[Information shown]
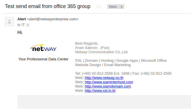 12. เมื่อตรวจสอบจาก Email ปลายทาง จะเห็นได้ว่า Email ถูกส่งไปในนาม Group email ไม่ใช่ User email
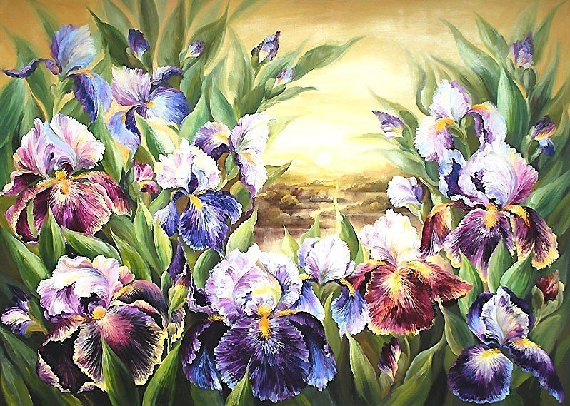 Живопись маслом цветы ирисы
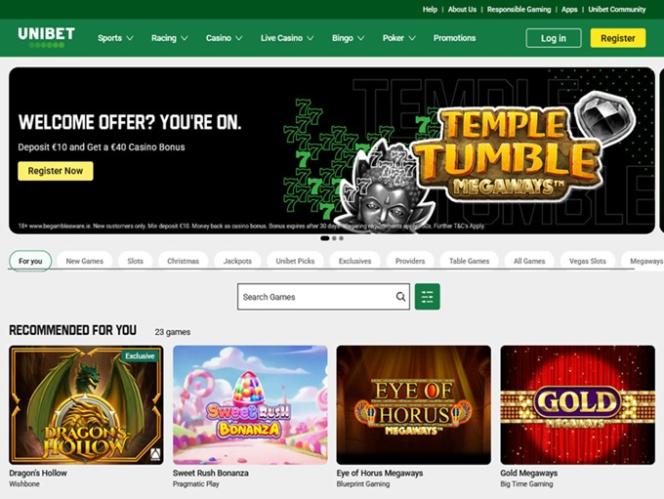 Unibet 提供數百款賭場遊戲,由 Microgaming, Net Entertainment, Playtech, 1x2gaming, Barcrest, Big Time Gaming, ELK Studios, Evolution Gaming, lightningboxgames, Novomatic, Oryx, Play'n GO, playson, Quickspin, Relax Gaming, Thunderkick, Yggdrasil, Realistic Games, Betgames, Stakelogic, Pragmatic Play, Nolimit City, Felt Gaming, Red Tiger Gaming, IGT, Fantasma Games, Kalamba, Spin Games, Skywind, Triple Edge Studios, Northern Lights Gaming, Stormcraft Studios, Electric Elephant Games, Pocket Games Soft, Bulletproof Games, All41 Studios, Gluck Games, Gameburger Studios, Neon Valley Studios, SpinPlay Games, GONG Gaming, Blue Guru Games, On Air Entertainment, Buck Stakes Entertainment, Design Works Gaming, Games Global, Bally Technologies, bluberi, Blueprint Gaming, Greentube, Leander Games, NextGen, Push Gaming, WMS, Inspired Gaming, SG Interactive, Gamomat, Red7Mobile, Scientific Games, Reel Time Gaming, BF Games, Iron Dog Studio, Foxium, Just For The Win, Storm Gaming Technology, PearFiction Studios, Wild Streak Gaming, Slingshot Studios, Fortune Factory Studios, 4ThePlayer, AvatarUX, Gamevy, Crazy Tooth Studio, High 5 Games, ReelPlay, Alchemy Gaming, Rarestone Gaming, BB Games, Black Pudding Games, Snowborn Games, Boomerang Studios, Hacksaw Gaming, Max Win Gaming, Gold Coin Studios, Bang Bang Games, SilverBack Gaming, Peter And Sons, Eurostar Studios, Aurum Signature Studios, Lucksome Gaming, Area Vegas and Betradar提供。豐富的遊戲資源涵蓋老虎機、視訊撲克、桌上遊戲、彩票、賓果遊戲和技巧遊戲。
[/Information shown]
The answer is the lines above, word for word, from the first one through the one containing "Живопись маслом цветы ирисы"; it includes no pictures.

Solved exercise.
 12. เมื่อตรวจสอบจาก Email ปลายทาง จะเห็นได้ว่า Email ถูกส่งไปในนาม Group email ไม่ใช่ User email
 Живопись маслом цветы ирисы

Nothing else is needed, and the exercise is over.